Armées : les invalides et mutilés de guerre abandonnés à leur sort

Les militaires invalides et grands mutilés de guerre du Sénégal continuent d’alerter sur la précarité dans laquelle vivent nombre d’entre eux. Dans un entretien accordé à Walf Quotidien, dans son édition de ce vendredi, leur porte-parole, Hamed Adama Sy, affirme que ces anciens soldats, qui ont servi la nation au prix de lourds sacrifices, se sentent aujourd’hui insuffisamment pris en charge par l’État.

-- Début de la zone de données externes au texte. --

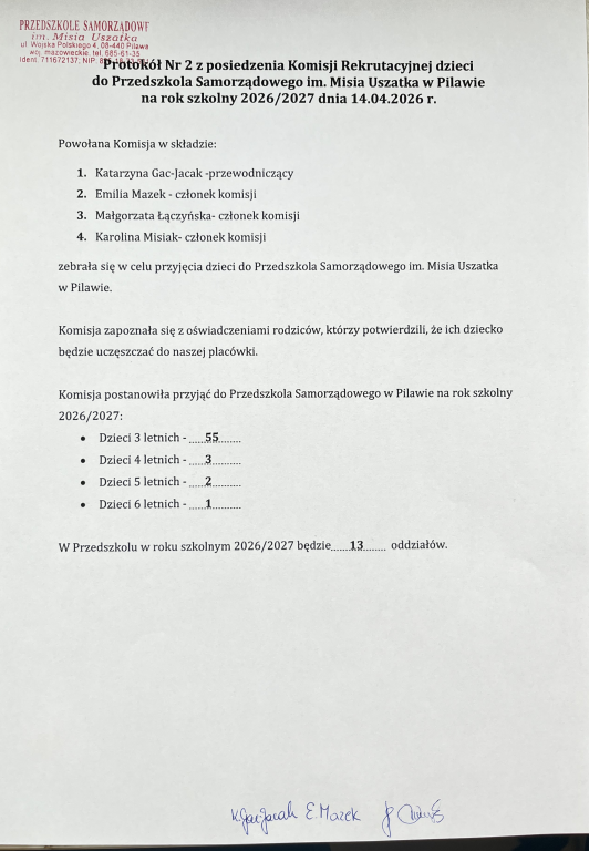 Protokół Nr 2 Komisji Rekrutacyjnej na rok szkolny 2026/2027
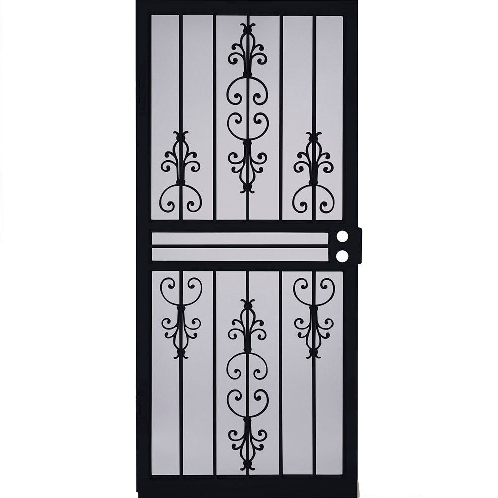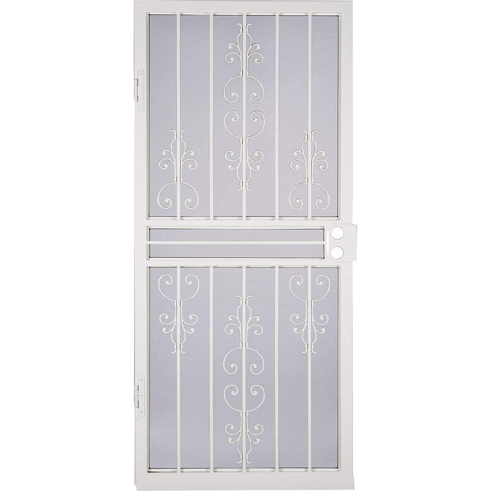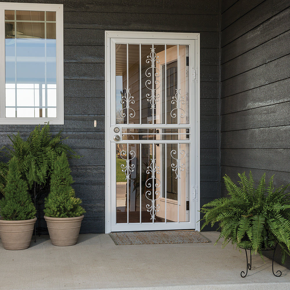 The welded tubular steel frame and three-piece tempered safety glass system provide superior strength, and the anti-removal vault pin and heavy-duty hinges add reinforced protection. Interchangeable insect screens are sold separately for seasonal venting. Heavy-duty 1-in x 2-in steel construction acts as a barrier to intruders

Selon lui, la principale revendication concerne la revalorisation des pensions militaires d’invalidité. Les anciens combattants demandent une modification de la loi 67/42 régissant le code des pensions militaires d’invalidité, estimant que les montants actuels ne permettent plus de faire face au coût de la vie. Ils réclament également une meilleure prise en charge médicale, l’augmentation du nombre de pharmacies agréées et le règlement des arriérés dus aux officines qui refusent désormais parfois leurs ordonnances faute de remboursement.

Hamed Adama Sy explique que les négociations entamées avec les autorités avaient prévu le versement d’une prime exceptionnelle comprise entre deux et cinq millions de francs CFA selon le degré d’invalidité, ainsi que l’instauration d’une prime mensuelle pouvant atteindre 400 000 francs pour les cas les plus graves. Mais plusieurs bénéficiaires n’auraient toujours rien perçu et la question de la prime mensuelle reste, selon lui, le principal point de blocage.

Le porte-parole évoque également les difficultés d’accès aux soins. Le carnet de soins gratuits dont bénéficiaient les invalides a été remplacé par une carte à puce qui, selon lui, limite désormais l’accès à certains médicaments. Faute de moyens, certains mutilés doivent emprunter de l’argent ou compter sur leurs proches pour se soigner.

Les problèmes liés aux prothèses aggravent encore leur situation. Si leur remplacement est théoriquement gratuit dans les centres d’appareillage, les bénéficiaires se heurtent souvent à des ruptures de matériel. Certains sont contraints de recourir à des solutions de fortune pour protéger leur moignon ou prolonger la durée de vie de leur appareil.

Face à ces difficultés, les invalides et mutilés de guerre disent attendre une audience avec le président de la République, Bassirou Diomaye Faye, et le Premier ministre Ousmane Sonko. Un mémorandum leur a été adressé, mais ils affirment n’avoir reçu aucune réponse pour le moment, rapporte Walf Quotidien.